:: GIVEN ENTRIES ::

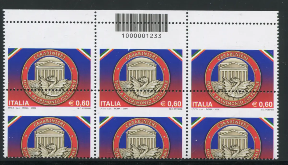 Comando Carabinieri Barcode Sorte Vollgummi - Comando Carabinieri Nr. 3083 Sechserblock b. von f. mit stark vertikal verschobener Verzahnung - Ein Exemplar trägt die Barcode-Nummern in der Vignette (Kat. Einheitliche Nr. 3135Ba + 3135Da) - Kat. 705 Code 826/3
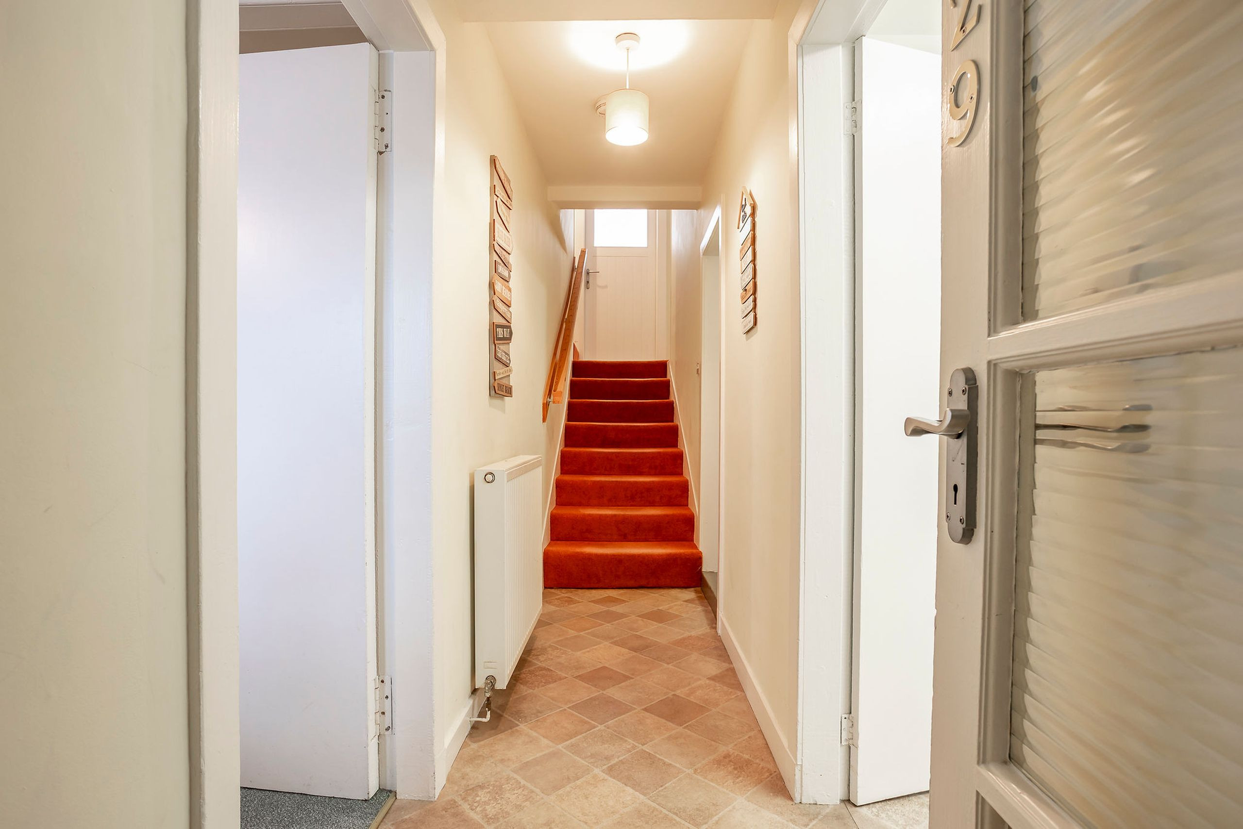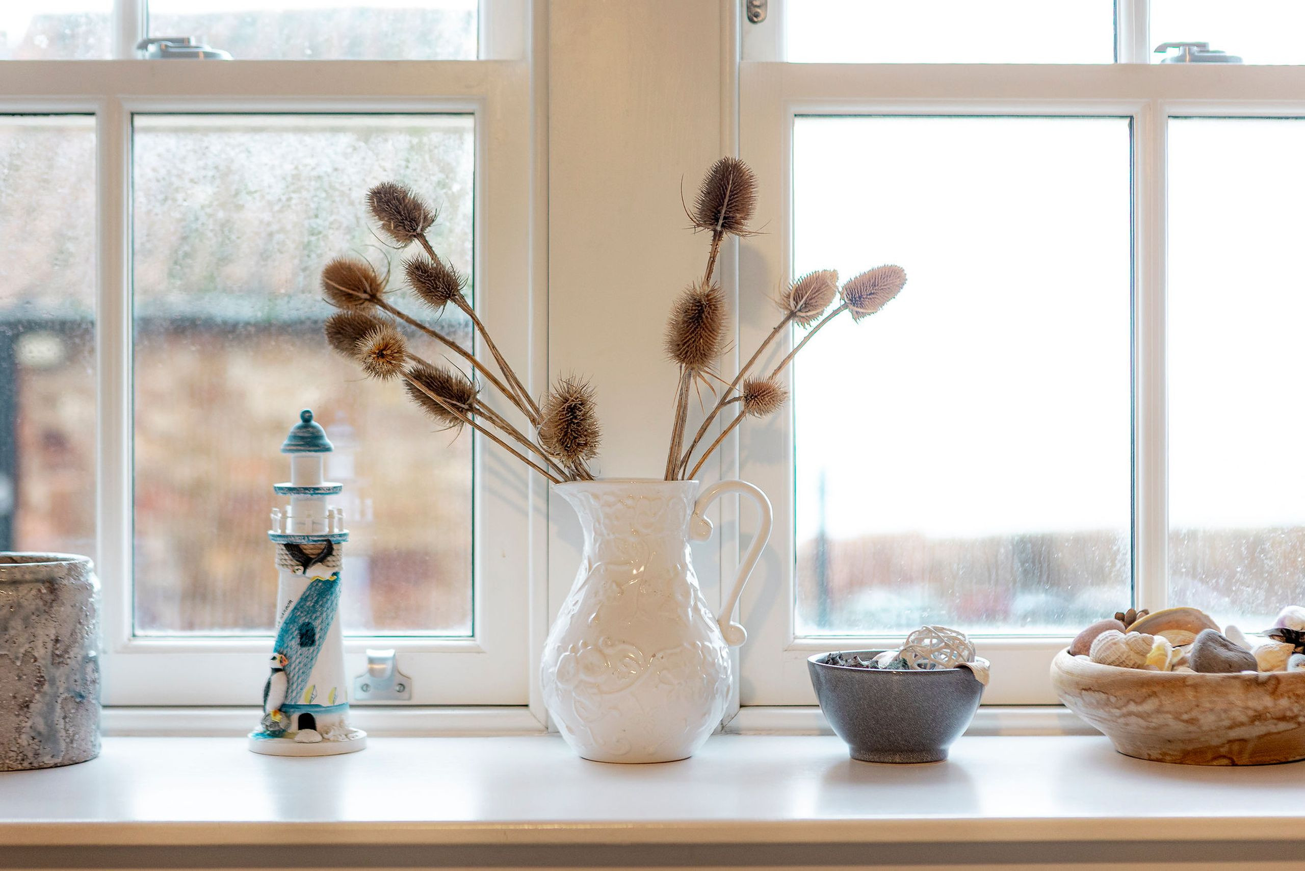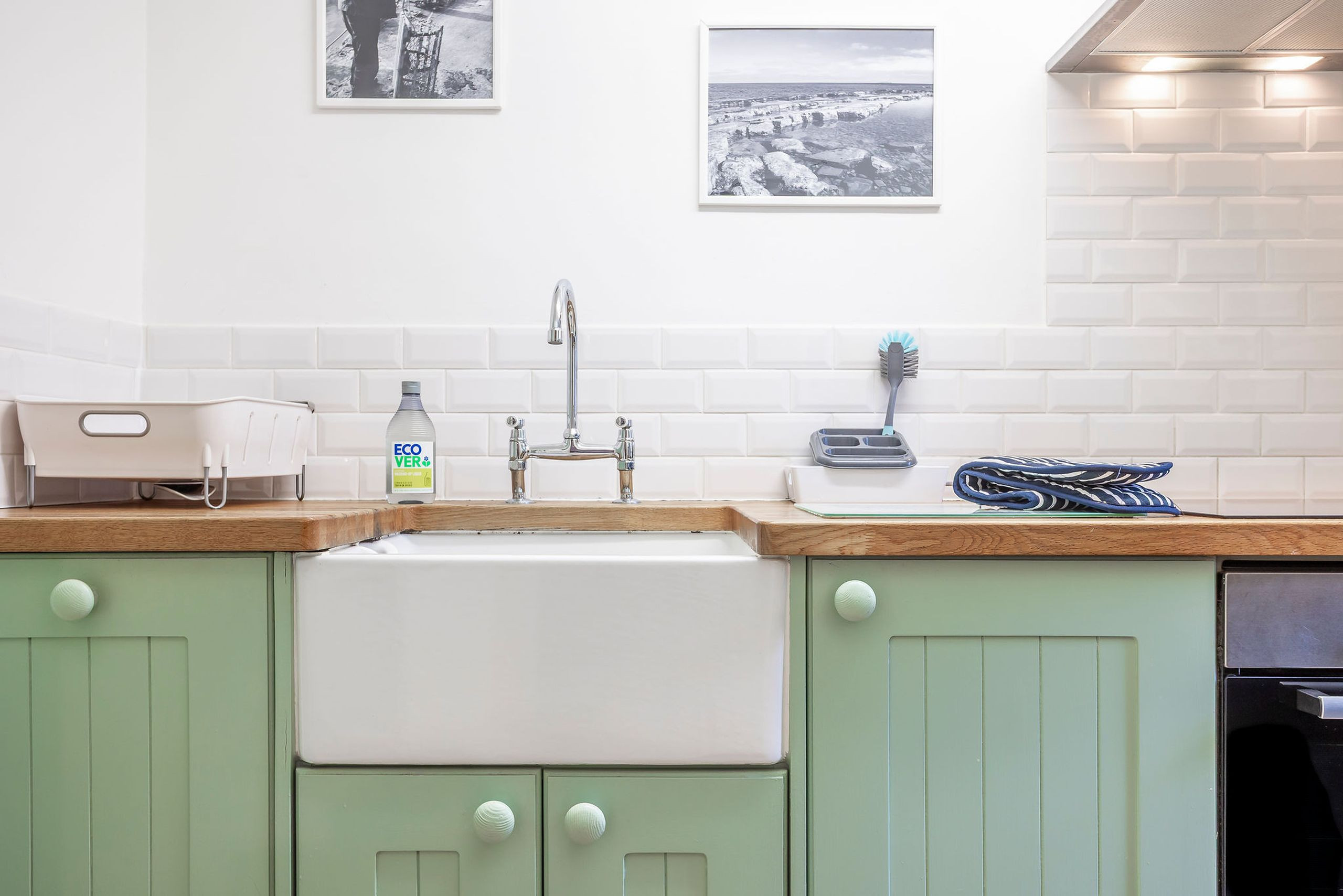 Pretty, cottage kitchen with front facing window, again overlooking the harbour. Electric hob and oven. Belfast sink.
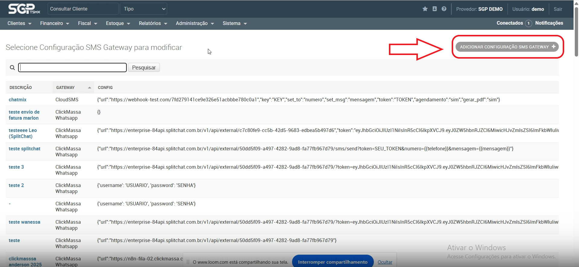 Clique em “Adicionar configuração sms gateway”.
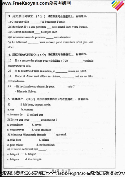 中山大学2007年考研真题-法语(2)
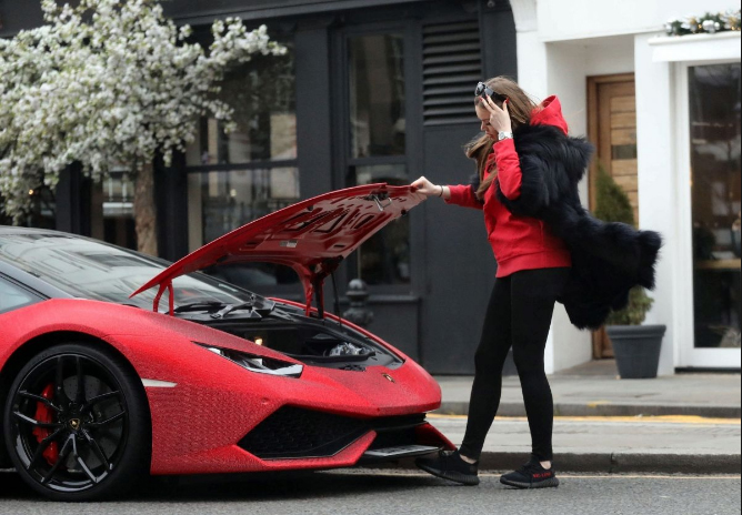 Fostă studentă în Londra, iar în prezent model şi fashion designer, deţine un exemplar al supercarului Lamborghini Huracan.
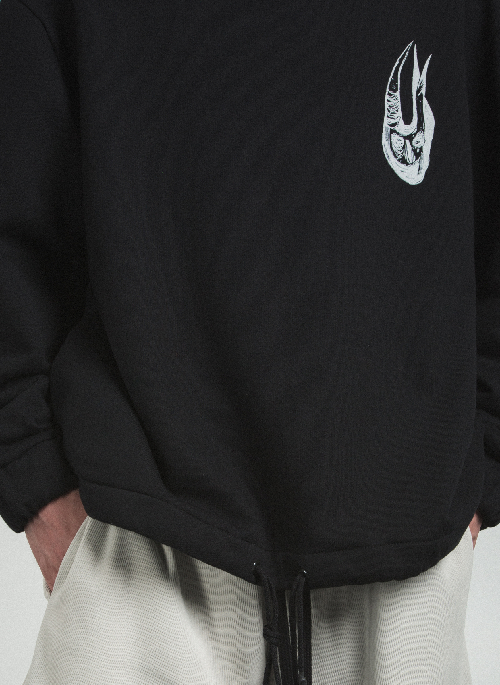 100% organic cotton printed jumper with soft lining and tapered fringe edge cords. The piece is finished with a black hem facing on the inside of the collar, which adds to the garment’s durability and longevity. The print design was created by tattooist and artist Aron Dimen. The design takes inspiration from the traditional rituals of Moha, a hundred-household village in Hungary, held on the last day of the carnival season. The design was first created as a lino print, then screen-printed onto each garment by hand in a small workshop in Budapest using a unique, eco-conscious dye. The fabric is sourced from qualified, European manufacturers and the garment is made ethically in Hungary.
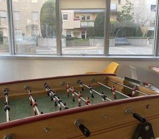 Table de baby-foot en bois avec joueurs peints en bleu et rouge. Équipée de plusieurs manettes noires et d'une zone de récupération de balles. En bon état général, cette table est
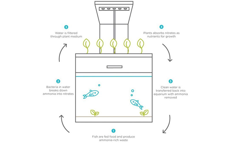 غلظت آمونیاک فضله ای که ماهی تولید می کند، بسیار زیاد است. این آمونیاک به وسیله باکتری موجود در آب به نیترات تبدیل می شود و به وسیله گیاهان فیلتر می شود. به عبارت دیگر گیاهان نیترات را به عنوان سوخت جذب می کنند. در این میان آب بدون آمونیاک و کاملا شفاف به تانک آکواریوم برمی گردد. آکواریوم جدید گنجایش ۱۱.۳۵ لیتر آب دارد.

:::

Print out each record exactly as shown, but keep the pictures out.

 Comando Carabinieri Barcode Sorte Vollgummi - Comando Carabinieri Nr. 3083 Sechserblock b. von f. mit stark vertikal verschobener Verzahnung - Ein Exemplar trägt die Barcode-Nummern in der Vignette (Kat. Einheitliche Nr. 3135Ba + 3135Da) - Kat. 705 Code 826/3
 Pretty, cottage kitchen with front facing window, again overlooking the harbour. Electric hob and oven. Belfast sink.
 Clique em “Adicionar configuração sms gateway”.
 中山大学2007年考研真题-法语(2)
 Fostă studentă în Londra, iar în prezent model şi fashion designer, deţine un exemplar al supercarului Lamborghini Huracan.
 100% organic cotton printed jumper with soft lining and tapered fringe edge cords. The piece is finished with a black hem facing on the inside of the collar, which adds to the garment’s durability and longevity. The print design was created by tattooist and artist Aron Dimen. The design takes inspiration from the traditional rituals of Moha, a hundred-household village in Hungary, held on the last day of the carnival season. The design was first created as a lino print, then screen-printed onto each garment by hand in a small workshop in Budapest using a unique, eco-conscious dye. The fabric is sourced from qualified, European manufacturers and the garment is made ethically in Hungary.
 Table de baby-foot en bois avec joueurs peints en bleu et rouge. Équipée de plusieurs manettes noires et d'une zone de récupération de balles. En bon état général, cette table est
 غلظت آمونیاک فضله ای که ماهی تولید می کند، بسیار زیاد است. این آمونیاک به وسیله باکتری موجود در آب به نیترات تبدیل می شود و به وسیله گیاهان فیلتر می شود. به عبارت دیگر گیاهان نیترات را به عنوان سوخت جذب می کنند. در این میان آب بدون آمونیاک و کاملا شفاف به تانک آکواریوم برمی گردد. آکواریوم جدید گنجایش ۱۱.۳۵ لیتر آب دارد.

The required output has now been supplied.